There is nothing like a flat world



We are different. It is the real strength of human species. We have different habits, different mindsets, different cultural background, different languages, different history, different ways we dress, different styles, different behaviors, different food, different houses and architectures, different looks and physical aspect. That is not bad at all. Being different, we can learn from each other. We can try something different when we travel and visit other countries, we can become aware that there is not a single point of view. Being different does not mean that you can easily say which culture or society is more advanced and which is more primitive. Maybe a gap does exist, but not necessarily. Are jeans better than kimono or jallaba? Is Coca Cola better than Crodino?

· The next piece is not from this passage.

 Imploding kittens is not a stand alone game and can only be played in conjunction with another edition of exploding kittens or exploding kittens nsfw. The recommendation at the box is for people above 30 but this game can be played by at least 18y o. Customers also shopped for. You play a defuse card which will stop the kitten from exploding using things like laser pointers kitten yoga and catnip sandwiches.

Is whisky better than sake or vodka? Do you really need an MP3 reader or a mobile phone to demonstrate that you belong to a civilized society? Sure you do not. In fact, it is possible to find mobile phones even in poor and underdeveloped countries as well as in dictatorships. Technology is not a reliable measurament of your level of civilization.

So we are different, but what is about the so called global world? Is the web a global place because you can interact with people from any other country? Are Facebook or other social networks really global places? Sure they are, but they are flat too, whereas the world it is not and we have to hope it will never be. Because we are different, and differences are a richness. It is quite useful to have a language as English that allows us to communicate, whatever is our native language, for example, but the existence of different idioms is an intellectual capital that has to be preserved anyway, because they are not simply different ways to voice thoughts and concepts, but they are intrinsically connected with different ways to think, different points of view about life and the world around us. A language is the mirror of life as intended in a specific place.

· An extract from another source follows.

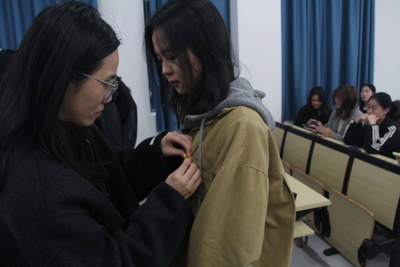 仪式在庄严的国歌声中拉开序幕。主持人宣读新团员名单,每一个名字都代表着一份青春的承诺与成长的跨越。随后,与会老师为新团员佩戴团徽。熠熠生辉的团徽不仅是一份荣誉,更象征着责任与担当,激励新团员牢记使命、奋勇前行。“我志愿加入中国共产主义青年团……”在贾肖箭的带领下,新团员面向团旗,举起右拳庄严宣誓。铿锵有力的誓言在教室中回荡,展现了青年一代坚定不移跟党走、矢志奋斗的信念与决心。紧接着,新团员代表胡欣雨在发言中表达了对共青团的向往与未来的奋斗目标,言语中洋溢着青春的热忱与担当。优秀团员代表危笑结合自身经历,鼓励新团员珍惜韶华、锤炼本领、争当先锋,展现了共青团组织的传承力量与温暖底色。

And again, we are different. Even when we speak the same language, wear the same dresses, eat the same food, watch the same TV shows, we are different. But the web, the global web, mostly designed by people leaving in USA, seems to ignore it. In most social networks you cannot search by language or by country. Why? Well, you may want to surf the web to keep in touch with some interesting guy or gal in Japan or Africa, in Australia or Alaska, but in most cases the real network is with people that can understand you, not just because you speak the same language, but because you live in the same culture.

Think about Twitter. Short messages: hard to understand references to people, events, and situations which are typical of a specific country. For example, how many people outside Italy may understand any reference to Carosello? Even if you explain to them that it was a small show made of commercial video clips, you will never be able to explain what it represented for two or three generations of Italian children. Similarly, most of Italians cannot understand references to typical TV shows which Americans are keen of, as the Muppets. Of course, many people know who they are, but not what they really represented for Americans, because it is something strictly related to the American society and culture. This is one of the typical reasons most of people living outside USA cannot understand specifica references to aspects of American society in serials and teleplays. That is why it is really difficult for any person to understand a comedian belonging to another country. It is not a matter of language, but of cultural background.

The point is that actually the web is not really global, but a global extension of the American websphere. Of course you have other webspheres in Internet. The Chinese one is really big, but it is mostly a black box for the Western countries. The Spanish and the Brazilian webspheres are quite large too. On the other hand, many European webspheres based on languages different from English, as the French, the German, and the Italian one, are small and separated bubbles, with several links to the English websphere but few links from it. In fact, most of the non-Anglophone people knows at least a little bit of English, whereas it is not necessarily true the vice versa.

So, the world is not flat at all, but most of Americans do not know it. In fact, the so called web gurus are used to think to the web as a flat world because they see only the English piece of web and realize that is frequented by a lot of people from other countries too. But this is only a partial view of the web. If you go to Facebook, for example, you can search people by gender, age range, interests and several other criteria, but not by country or language! If you go to Plaxo, you can search for all colleagues of your company, but you cannot filter them by country. Linkedin is a little better: in the past you could search only by title, company, school, industry, and groups, but recently they also added the possibility to search by location and few languages: English, German, Spanish, French, and… Other! Search by other? Funny, isn’t it?

So, there is still a lot of work to do to have a real global web. Not a web that is global why all of us think, speak, and behave in the same way, but a web where we can confront different points of view, different cultures, different mindsets. And the first step is to ask social networks, blog platforms, web systems to include the typical parameters of such differences in their search engines, filters, navigation mechanisms, that is, location and language, at least. Web inclusion will be founded on that.